# PnID parsing with SDK-experimental demo

This notebook uses Publicdata PnIDs to demonstrate how to contextualize PnIDs using cognite-sdk-python-experimental.

## Accessing CDF
This tutorial assumes you have some basic knowledge of CDF and the Python SDK. If not, please follow the 'lab' tutorials first.

For this tutorial you need access the publicdata project / tenant. If you don't have one, you can get an API-key [here](https://content.cognite.com/open-industrial-data).

## Setup
These steps wil import the SDK and some required packages. 
You can then connect a client to CDF by pasting your API key in the popup field.

In [1]:
from getpass import getpass
from cognite.experimental import CogniteClient # version=~0.22.3

In [2]:
from IPython.display import display_pdf, Image, display, display_svg
import time

In [3]:
project = "publicdata" # put your project name as string here
api_key=getpass("Please enter API key: ")
client = CogniteClient(
    api_key=api_key,
    project=project,
    client_name="DSHub",
    base_url="https://api.cognitedata.com"
)

Please enter API key:  ················································


## Gather data
We will start by finding some PnIDs and corresponding asset names to use in the processing. The PnID parsing tool only supports PDF files, so we'll restrict the search to PDF mime type.

In [4]:
client.files.list(mime_type="application/pdf").to_pandas().head()

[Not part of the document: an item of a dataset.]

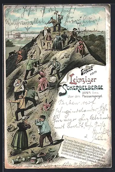 Lithographie Leipzig, Scherbelberg mit Besuchern, Blick auf Möckern
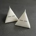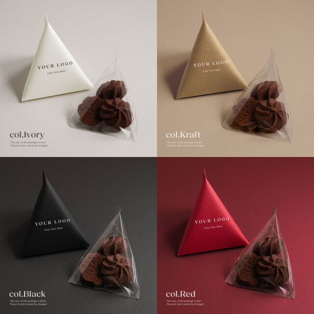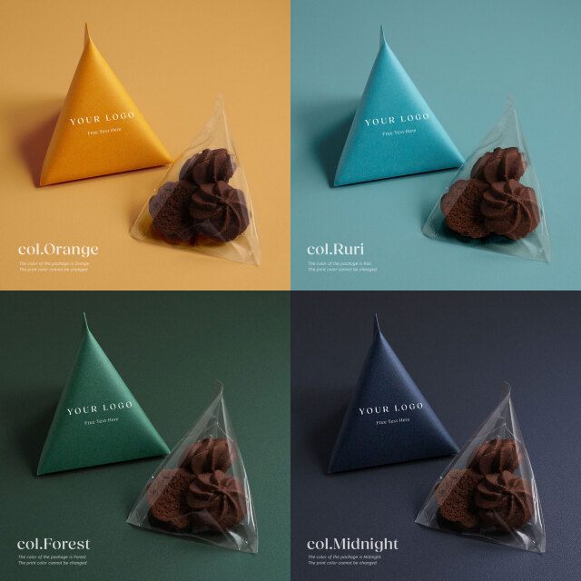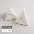 注文数1ロットにつき50枚のテトラパッケージと口を留める割りピンが入っています。テトラパッケージにはご指定のロゴと、任意のフリーテキストを印字したものをお作りします。パッケージカラーは全24色から1ロットにつき1色お選びいただけます。組立後のテトラプチギフトのパッケージサイズは下図の通りとなります。

Unnamed: 0,name,source,mimeType,metadata,dataSetId,id,uploaded,uploadedTime,createdTime,lastUpdatedTime
0,PH-ME-P-0156-001.pdf,Discovery,application/pdf,"{'__COGNITE_PNID': 'true', '__COGNITE_PNID_PAR...",2452112635370053,230063753840368,True,1586949730690,1586949728738,1587127451418
1,PH-25578-P-4110119-001.pdf,Discovery,application/pdf,"{'__COGNITE_PNID': 'true', '__COGNITE_PNID_PAR...",2452112635370053,1173477928867194,True,1586949730124,1586949728733,1587127411349
2,PH-ME-P-0152-001.pdf,Discovery,application/pdf,"{'__COGNITE_PNID': 'true', '__COGNITE_PNID_PAR...",2452112635370053,1296220000699223,True,1586949730652,1586949728743,1587127447626
3,PH-ME-P-0004-001.pdf,Discovery,application/pdf,"{'__COGNITE_PNID': 'true', '__COGNITE_PNID_PAR...",2452112635370053,2240135229528595,True,1586949729424,1586949728742,1587127486739
4,PH-ME-P-0156-002.pdf,Discovery,application/pdf,"{'__COGNITE_PNID': 'true', '__COGNITE_PNID_PAR...",2452112635370053,2694497441923100,True,1586949730695,1586949728743,1587127549067


We will use the file named `PH-ME-P-0156-001.pdf` with id `230063753840368` in the following examples. 

We can now download the file information and the file content. The file content is not strictly necessary, but is useful to visualize.

In [5]:
f = client.files.retrieve(230063753840368)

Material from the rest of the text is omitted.